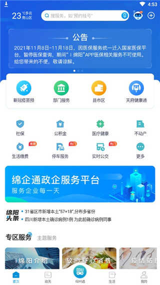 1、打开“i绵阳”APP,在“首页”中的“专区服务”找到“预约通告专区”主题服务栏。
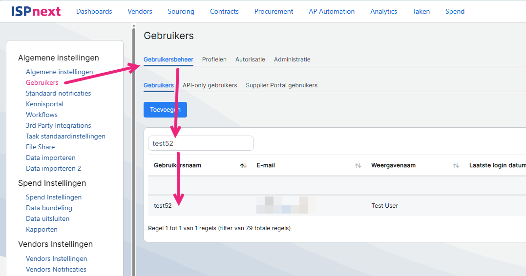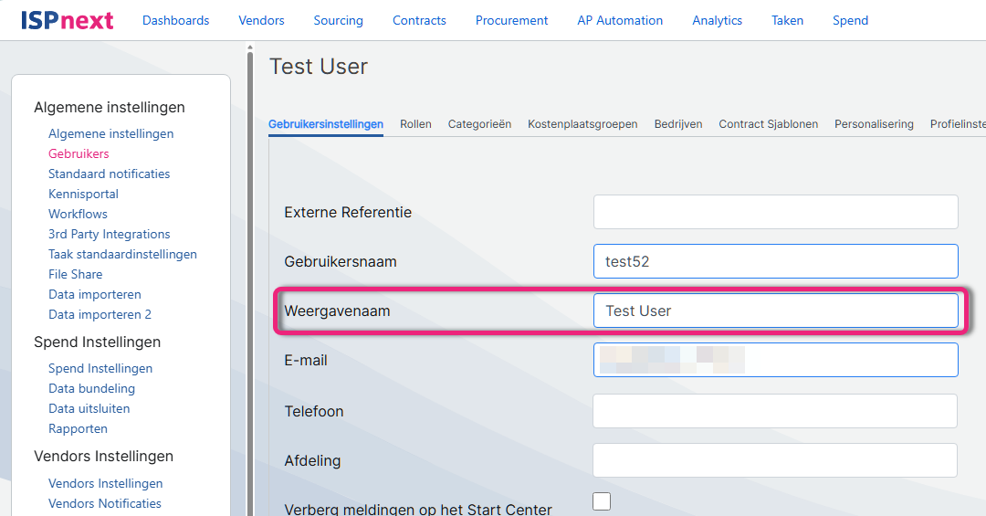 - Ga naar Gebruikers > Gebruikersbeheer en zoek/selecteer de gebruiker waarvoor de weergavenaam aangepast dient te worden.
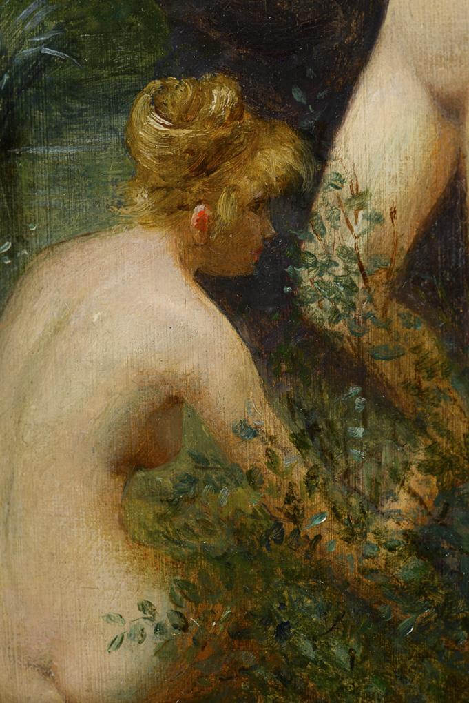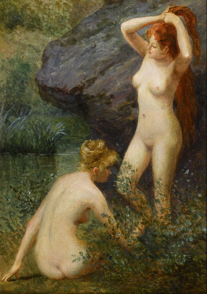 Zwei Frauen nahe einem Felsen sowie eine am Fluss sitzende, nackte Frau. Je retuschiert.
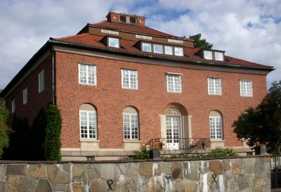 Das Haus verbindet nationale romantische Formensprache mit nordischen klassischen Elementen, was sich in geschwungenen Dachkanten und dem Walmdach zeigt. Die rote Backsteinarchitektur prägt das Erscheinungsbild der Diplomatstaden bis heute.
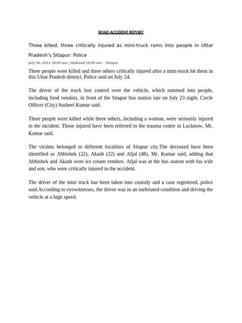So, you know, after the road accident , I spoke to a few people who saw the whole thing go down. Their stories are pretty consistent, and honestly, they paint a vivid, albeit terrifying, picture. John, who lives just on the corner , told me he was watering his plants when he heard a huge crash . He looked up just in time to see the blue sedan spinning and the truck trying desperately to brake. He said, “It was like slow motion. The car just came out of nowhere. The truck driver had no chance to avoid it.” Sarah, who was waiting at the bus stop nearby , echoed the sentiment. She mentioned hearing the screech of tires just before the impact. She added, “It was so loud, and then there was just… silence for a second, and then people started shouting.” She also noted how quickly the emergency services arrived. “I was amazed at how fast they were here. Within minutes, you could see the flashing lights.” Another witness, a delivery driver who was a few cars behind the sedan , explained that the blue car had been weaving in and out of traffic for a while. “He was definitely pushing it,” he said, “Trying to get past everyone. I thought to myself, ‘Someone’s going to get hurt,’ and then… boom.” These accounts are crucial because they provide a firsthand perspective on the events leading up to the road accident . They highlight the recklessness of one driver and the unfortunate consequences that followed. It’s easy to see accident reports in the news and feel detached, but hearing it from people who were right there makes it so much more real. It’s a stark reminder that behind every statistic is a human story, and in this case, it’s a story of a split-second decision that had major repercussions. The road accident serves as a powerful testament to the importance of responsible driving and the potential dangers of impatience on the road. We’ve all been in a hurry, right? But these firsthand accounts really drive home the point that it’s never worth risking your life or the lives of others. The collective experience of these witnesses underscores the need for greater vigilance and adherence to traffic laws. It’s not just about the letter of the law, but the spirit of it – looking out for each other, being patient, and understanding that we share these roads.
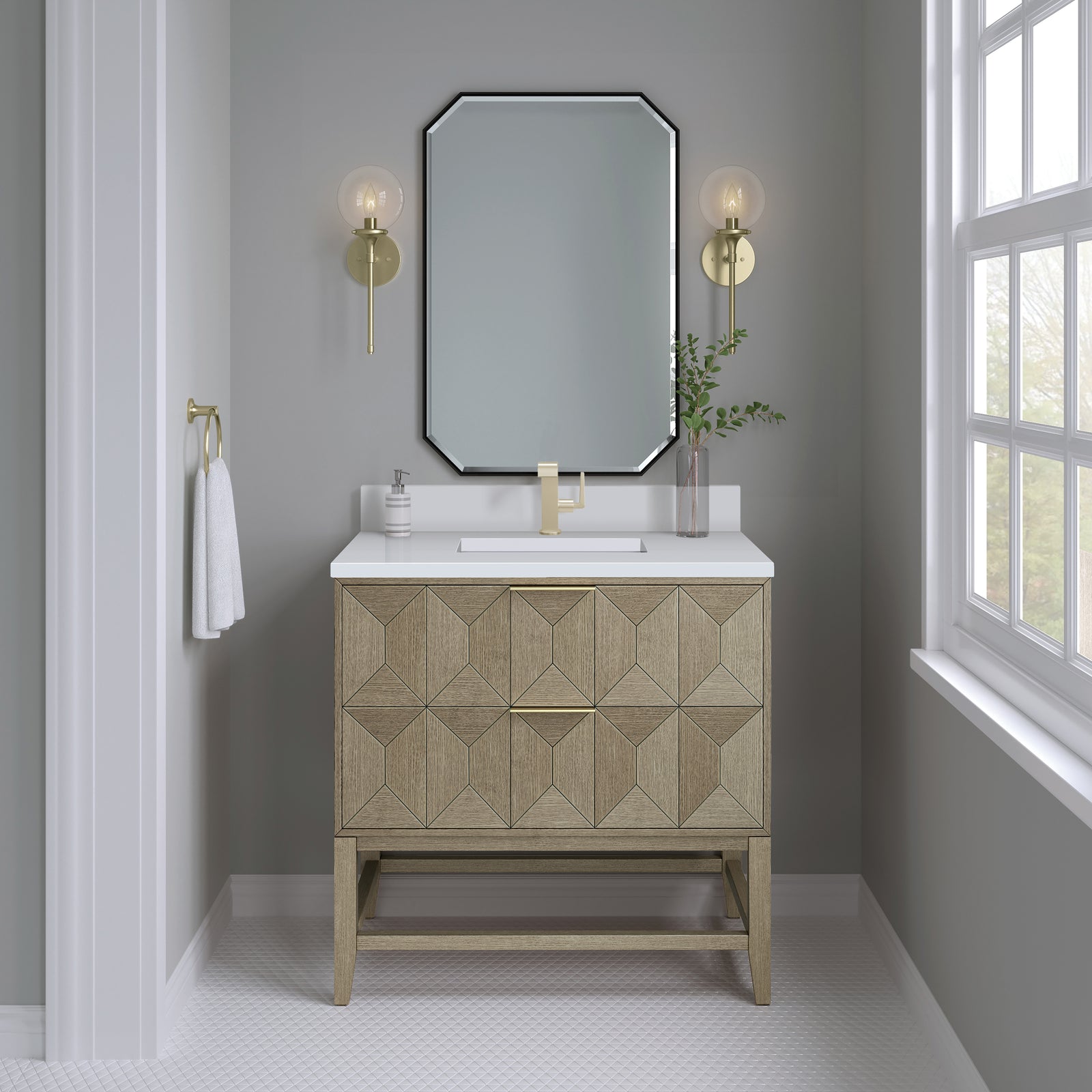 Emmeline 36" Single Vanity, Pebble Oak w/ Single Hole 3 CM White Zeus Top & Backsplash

★ ★ ★ ★ ★

◆ **TASK DETAILS**:
Beginning at the first line of the listing, print each line exactly until and including the one that has "Das Haus verbindet"; skip pictures.

◆ **EXPECTED OUTPUT**:
 1、打开“i绵阳”APP,在“首页”中的“专区服务”找到“预约通告专区”主题服务栏。
 - Ga naar Gebruikers > Gebruikersbeheer en zoek/selecteer de gebruiker waarvoor de weergavenaam aangepast dient te worden.
 Zwei Frauen nahe einem Felsen sowie eine am Fluss sitzende, nackte Frau. Je retuschiert.
 Das Haus verbindet nationale romantische Formensprache mit nordischen klassischen Elementen, was sich in geschwungenen Dachkanten und dem Walmdach zeigt. Die rote Backsteinarchitektur prägt das Erscheinungsbild der Diplomatstaden bis heute.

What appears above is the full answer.